We may have made ten boat
lengths before she reached us. Out of the sea at my elbow the curve of her
enormous shoulder rose against the boat. Her groping hand closed over the bow
and pulled it under, hurling us over the side into the sea. As I came up,
struggling for breath, I could hear the wood splinter in her fist. She dropped
it and looked around her for us.
I hadn't heard the plane till
then. We were too close for Jim Anders to use his gun, but he zoomed up past
her face and she flinched back and batted at him like a kitten at a string. Her
head swung around on her shoulders to watch him, and as he dived again she
began to flounder away toward the shoal and the body of her dead mate.
That gave him an idea. The
rap of his machine gun sounded over the whine of the diving plane—every Coast
Guard plane had been armed since that trouble off Nantucket. Gouts of flesh
spurted where the bullets struck the dead thing's pulpy form. The sea-woman was
swimming frantically away from us. She found her footing again and pulled herself erect, her arms stretched up at the attacking plane.
And Jim Anders dived for the third time and shot her down.
There was enough life left in
her even then to carry her back into the deep out of which she came. Sometimes
it seems that I can see her, swimming painfully down into the blackness and
the cold and the quiet, until the last of her life flows out of her and she
sinks down into the everlasting darkness where she was born. It was too bad it
had to happen like it did.
We came out of it all right.
Not even the colonel had more than a week's layup
with his blood pressure. Of course we had to take a tongue-lashing from the womenfolks, but we'd figured on that anyway.

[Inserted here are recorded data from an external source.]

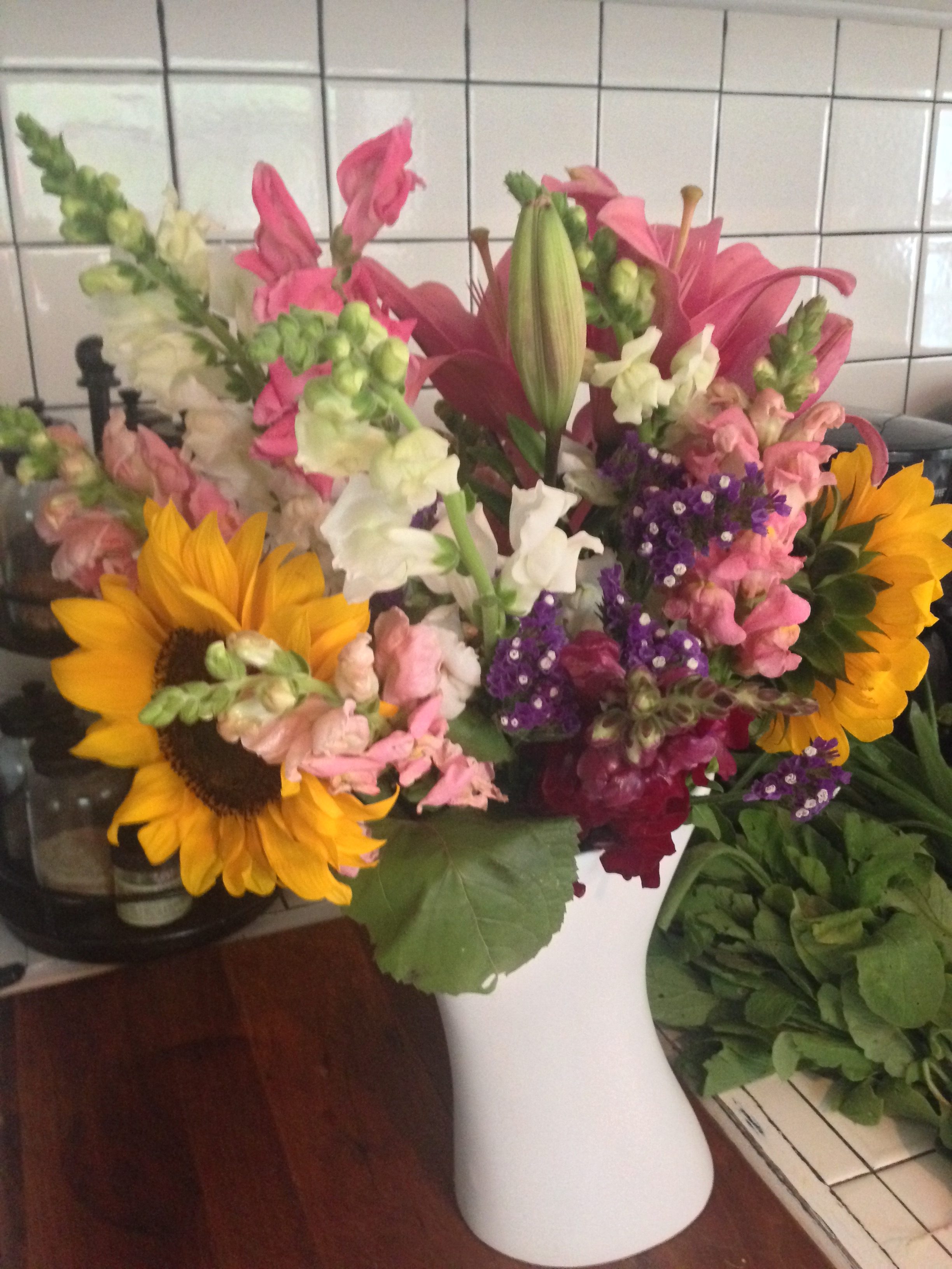 - Went to my local Farmers Market and bought lots of seasonal, wholesome goodies to make fresh salads, including beet salad (yum). And bought myself the most beautiful flowers!
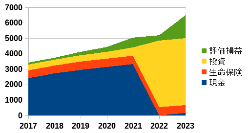 投資の評価損益ではわずかに前月よりマイナスになりましたが、会社のボーナスで今月反映された分があり、資産合計ではプラスになりました。
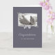 Um novo cartão de precioso de parabéns para bebês com uma fotografia de pés para bebês recém-nascidos que ainda vestem a banda hospitalar enquadrada num delicado padrão de folha e uma fita amarrada num arco contra um fundo de lavanda para um bebê ou uma menina.

The boys in the launches were
scared stiff. They'd seen the whole thing, but they couldn't raise a finger to
help. The colonel had done a bang-up job on that gasoline.

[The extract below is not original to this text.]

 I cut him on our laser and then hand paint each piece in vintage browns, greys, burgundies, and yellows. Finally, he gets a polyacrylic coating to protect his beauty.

We don't talk about it much
in Phillipsport. Everyone in town knows about it, and
it's no secret, but we don't like to talk about it much. It wasn't the kind of
thing that sets well with a man.
It happened, though—no
mistake about that. I have the proof. The pictures Tom Buck made before they
bombed the thing to bits and let the sea have it again didn't come out. The
gulls were back, and you can't see much but the shape of it. Far as I know, I
have the only other proof there is. I got that from Doc Higbee
the winter before he died.
Doc had had time, when he and
the colonel landed on the thing, to slice off a chunk of skin and blubber and a
mite of the flesh underneath. He kept them by him, even in the water, and
stowed them away in alcohol when he got back.
The pieces of skin he got shows one of the great round scars that the Kaken left.

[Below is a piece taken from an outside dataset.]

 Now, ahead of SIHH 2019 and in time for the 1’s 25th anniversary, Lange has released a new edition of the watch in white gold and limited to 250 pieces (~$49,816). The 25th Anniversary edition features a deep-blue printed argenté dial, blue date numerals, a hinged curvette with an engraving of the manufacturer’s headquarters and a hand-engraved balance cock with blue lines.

Maybe they feed on each other, down there miles under the sea where nothing but
whales ever get to. Doc said it was human skin. He
said the blood in it is human blood, only just about as salty as sea water is
today. He showed me a book where it tries to figure out when our first
ancestors crawled out of the sea, millions of years
back, by measuring the amount of salt in our blood and figuring, the amount of
salt there was in the sea then. He said they were supposed to match, otherwise
things couldn't keep alive.
Suppose some of those things
that turned into men stayed in the sea when our ancestors came out on land, Doc
said. Suppose they went right on living in the, sea, changing the same way the
things on land did, growing big enough and strong enough to stand the pressure
and the cold down there. They might change into things like the Ones we saw,
Doc said. There couldn't be many of them, he thought. There wouldn't be enough
to eat, except for squids and whales and dead things that sank down from above.
There was a reporter from
Boston, a year or two back, got wind of the story some way and tried to pump it
out of us. He spent near a week here, I guess, talking to this one and that
one. The way he had it, it was a sea serpent that was washed up on the shoal.
Well, sir, after a while it got around to the colonel, and I never did hear the
like of the yarn he told that man. It was too good. I guess the feller figured
it was all lies, which it mostly was, and judged the rumor was the same.
Anyway, we've never been bothered about it since—until now.